About this exercise:
Your output should be everything below from the line containing "Weihnachts-Grußkarte mit Wasserfarben-Schneemann." down to the line containing "وكان صدام حفتر،", both ends included, copied exactly, with pictures left out.

Supplied information:
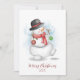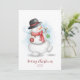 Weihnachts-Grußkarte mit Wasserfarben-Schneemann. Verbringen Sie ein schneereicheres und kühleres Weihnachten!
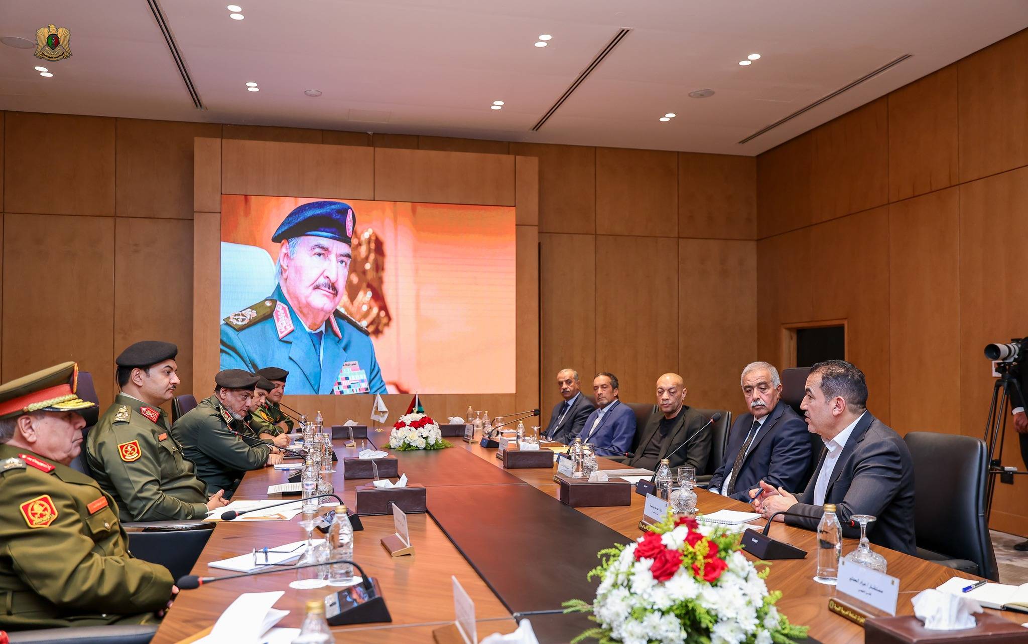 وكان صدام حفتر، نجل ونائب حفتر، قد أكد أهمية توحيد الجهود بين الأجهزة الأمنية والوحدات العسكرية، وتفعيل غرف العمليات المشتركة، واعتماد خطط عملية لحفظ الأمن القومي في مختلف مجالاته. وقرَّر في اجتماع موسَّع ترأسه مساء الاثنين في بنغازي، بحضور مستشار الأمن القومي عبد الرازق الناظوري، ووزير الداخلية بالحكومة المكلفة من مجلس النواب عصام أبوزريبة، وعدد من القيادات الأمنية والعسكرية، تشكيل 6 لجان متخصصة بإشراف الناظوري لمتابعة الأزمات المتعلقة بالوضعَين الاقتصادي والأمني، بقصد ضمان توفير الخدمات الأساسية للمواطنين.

...

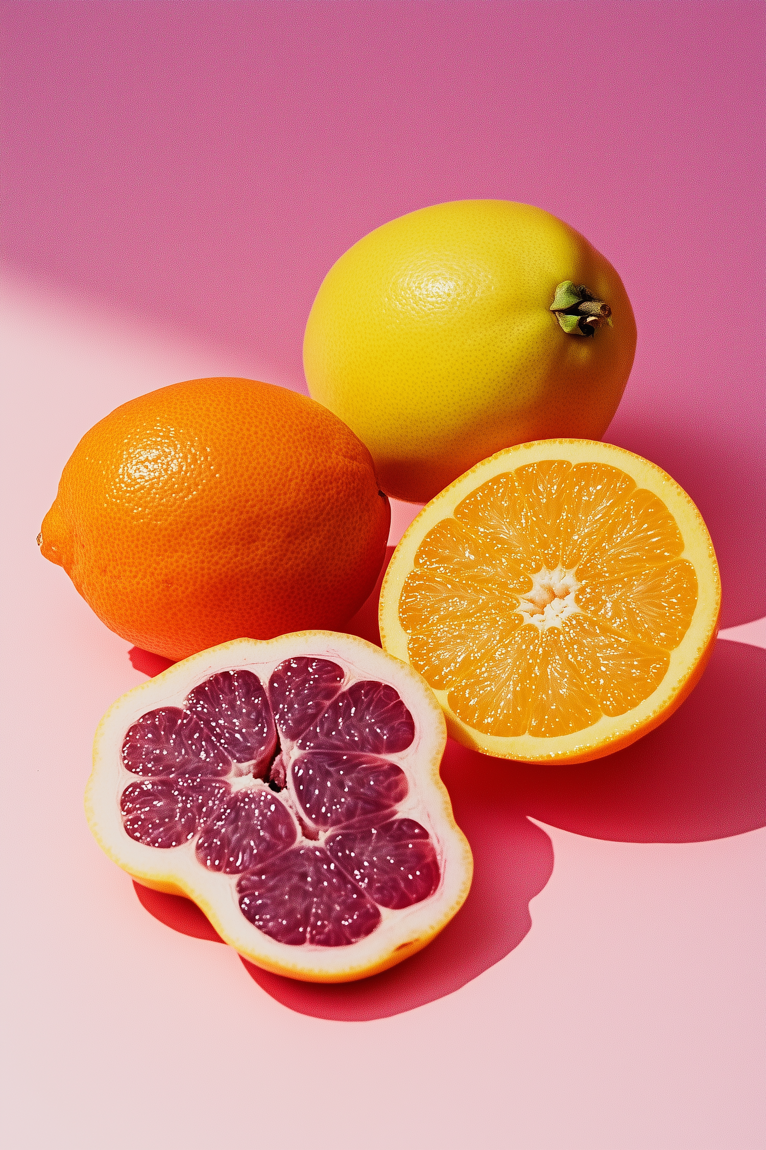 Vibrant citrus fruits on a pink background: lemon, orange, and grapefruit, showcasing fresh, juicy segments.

Solution for this task:
 Weihnachts-Grußkarte mit Wasserfarben-Schneemann. Verbringen Sie ein schneereicheres und kühleres Weihnachten!
 وكان صدام حفتر، نجل ونائب حفتر، قد أكد أهمية توحيد الجهود بين الأجهزة الأمنية والوحدات العسكرية، وتفعيل غرف العمليات المشتركة، واعتماد خطط عملية لحفظ الأمن القومي في مختلف مجالاته. وقرَّر في اجتماع موسَّع ترأسه مساء الاثنين في بنغازي، بحضور مستشار الأمن القومي عبد الرازق الناظوري، ووزير الداخلية بالحكومة المكلفة من مجلس النواب عصام أبوزريبة، وعدد من القيادات الأمنية والعسكرية، تشكيل 6 لجان متخصصة بإشراف الناظوري لمتابعة الأزمات المتعلقة بالوضعَين الاقتصادي والأمني، بقصد ضمان توفير الخدمات الأساسية للمواطنين.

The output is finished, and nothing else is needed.